WaPo's Myerson: God of 'Unregulated' Capitalism is Dead

By Mark Finkelstein | October 15, 2008 | 09:26

The Nobel committee can stop looking for next year winner of the Nobel prize in economics and hand the thing right now to Harold Myerson.  The WaPo columnist's effort of today, Gods That Failed, is Krugmanesque, reading like an extended gloat at the expense of believers in free markets. Ha-ha, mocks Myerson, your god of unregulated capitalism is dead.  Just like Communism failed, so has your system. You half expect Myerson to end with a self-satisfied "nah nah nah nah nah!"

From Myerson's opening paras [emphasis added]:
In 1949, a number of famous writers, among them Arthur Koestler, André Gide, Richard Wright, Stephen Spender and Ignazio Silone, wrote essays explaining why they were no longer communists. The essays were collected in a volume entitled "The God That Failed."

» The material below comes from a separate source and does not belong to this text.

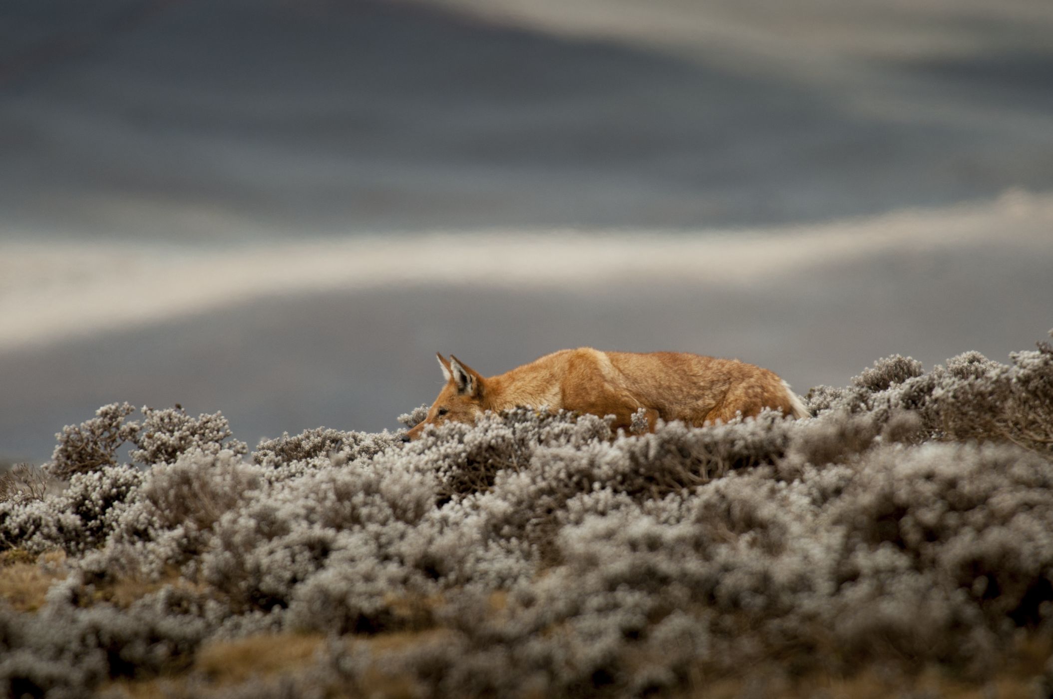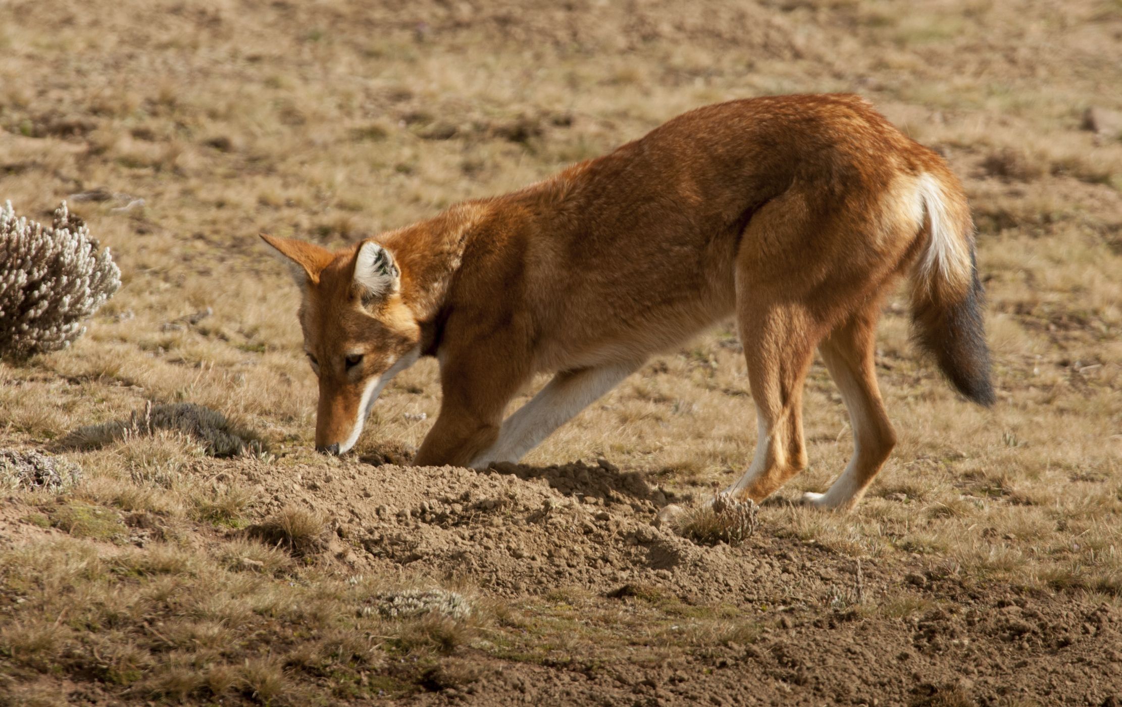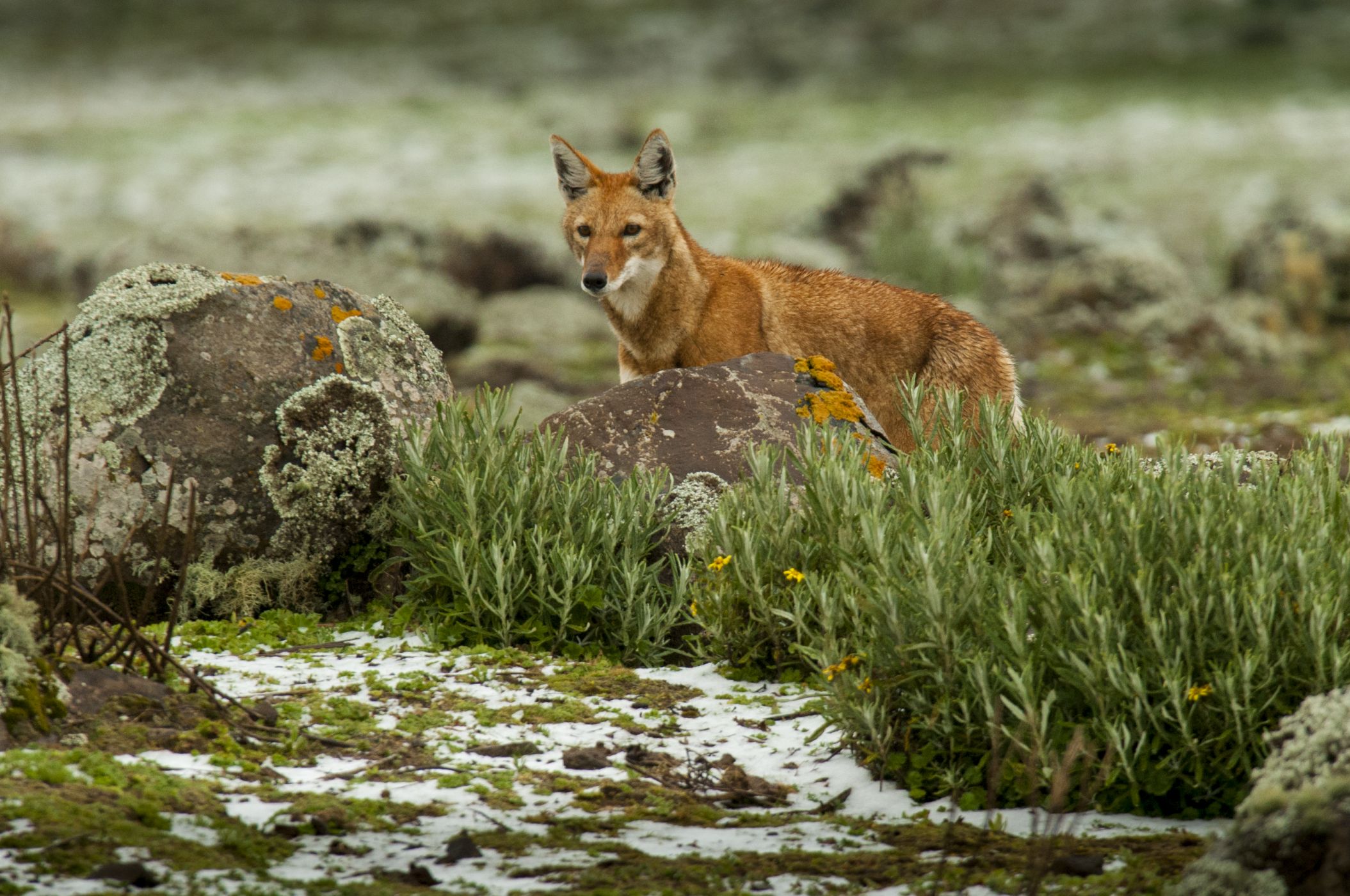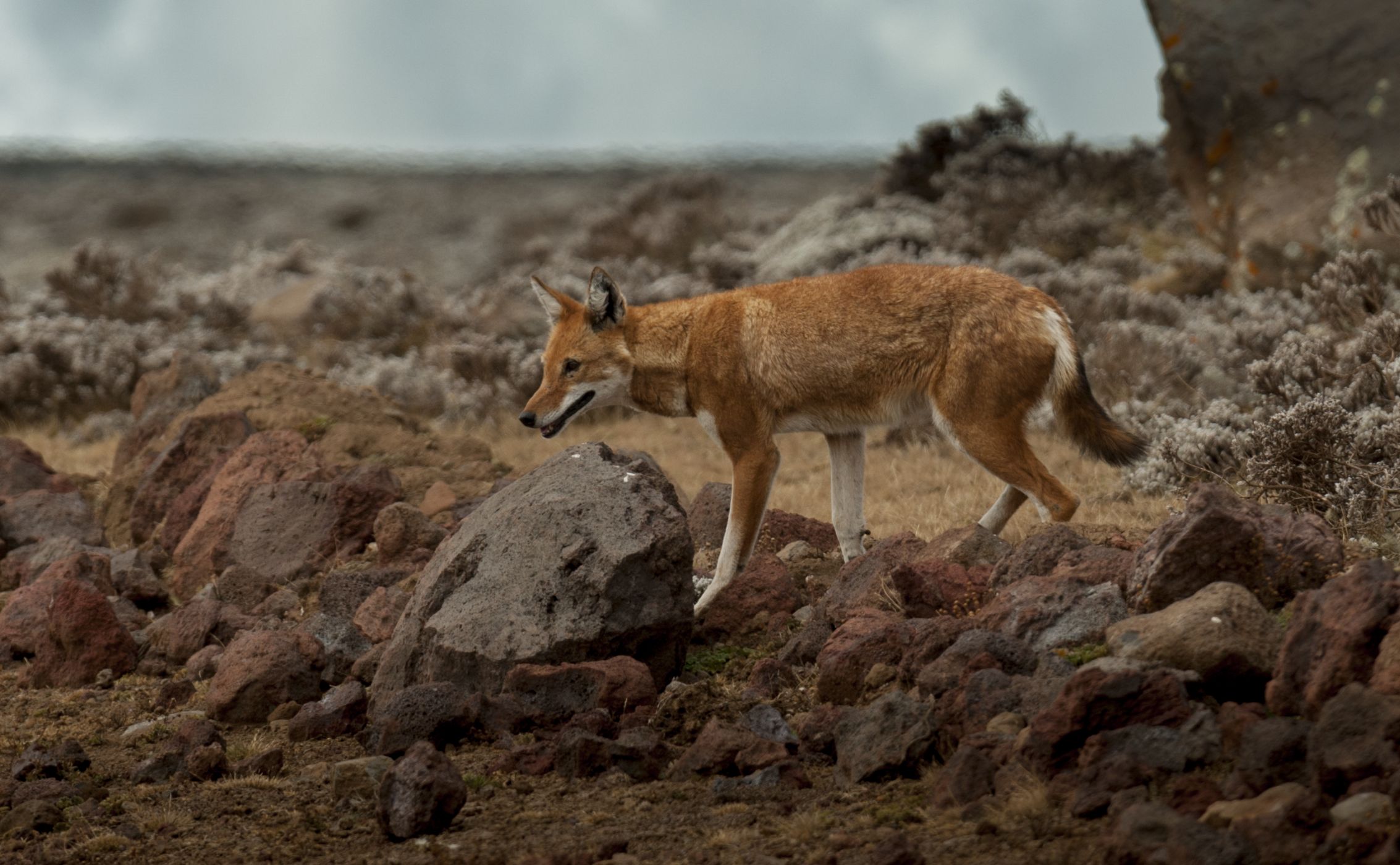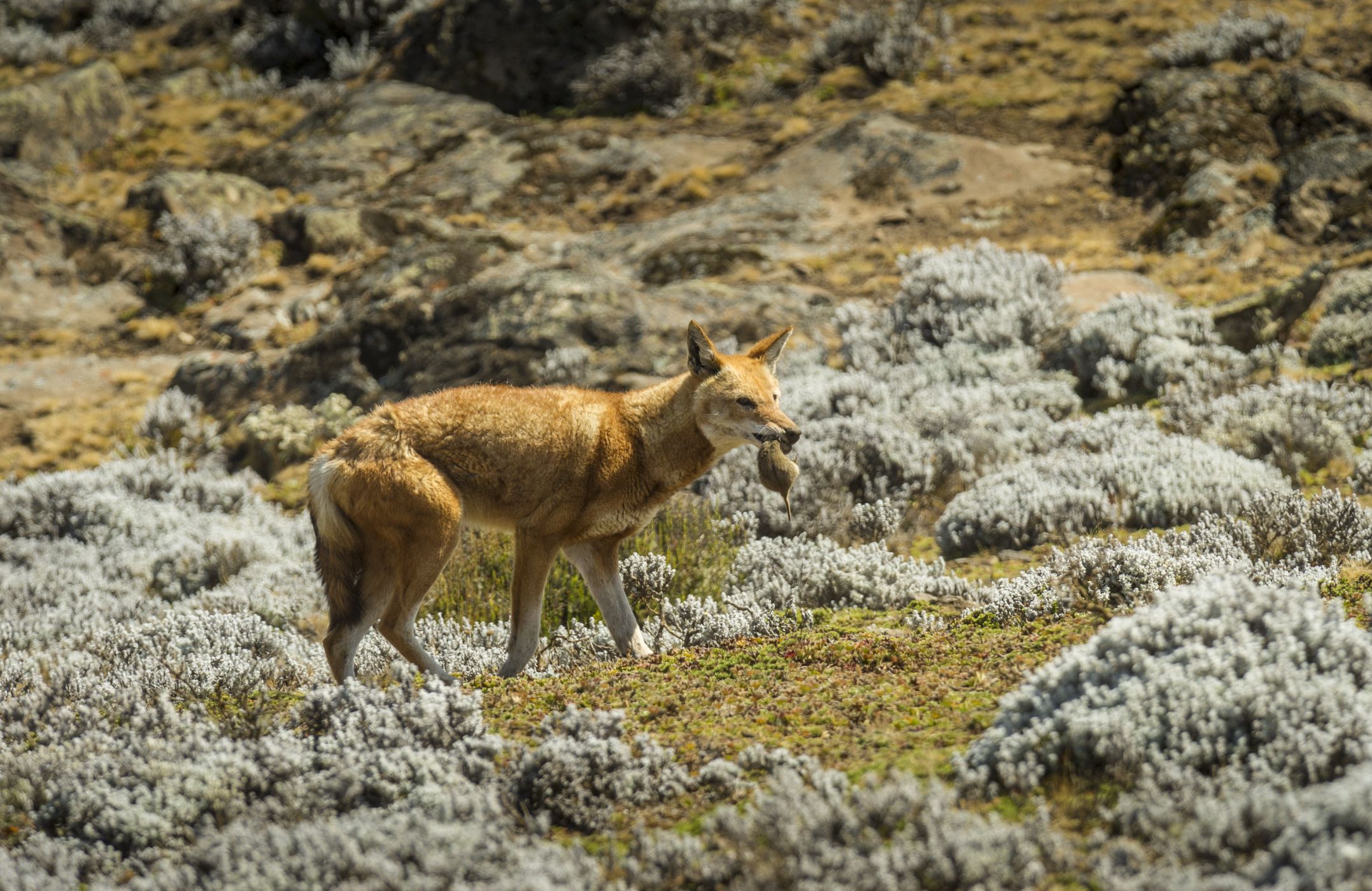 Vlček etiopský v typickém prostředí náhorní plošiny Senetti Plateau.

Today, conservative intellectuals might want to consider writing a tome on the failure of their own beloved deity, unregulated capitalism.
There's just one small problem with Harold's hypothesis: it's based on an entirely false premise, one that I'm sure NB readers will quickly spot.  The current mess was caused not by too little government regulation, but too much.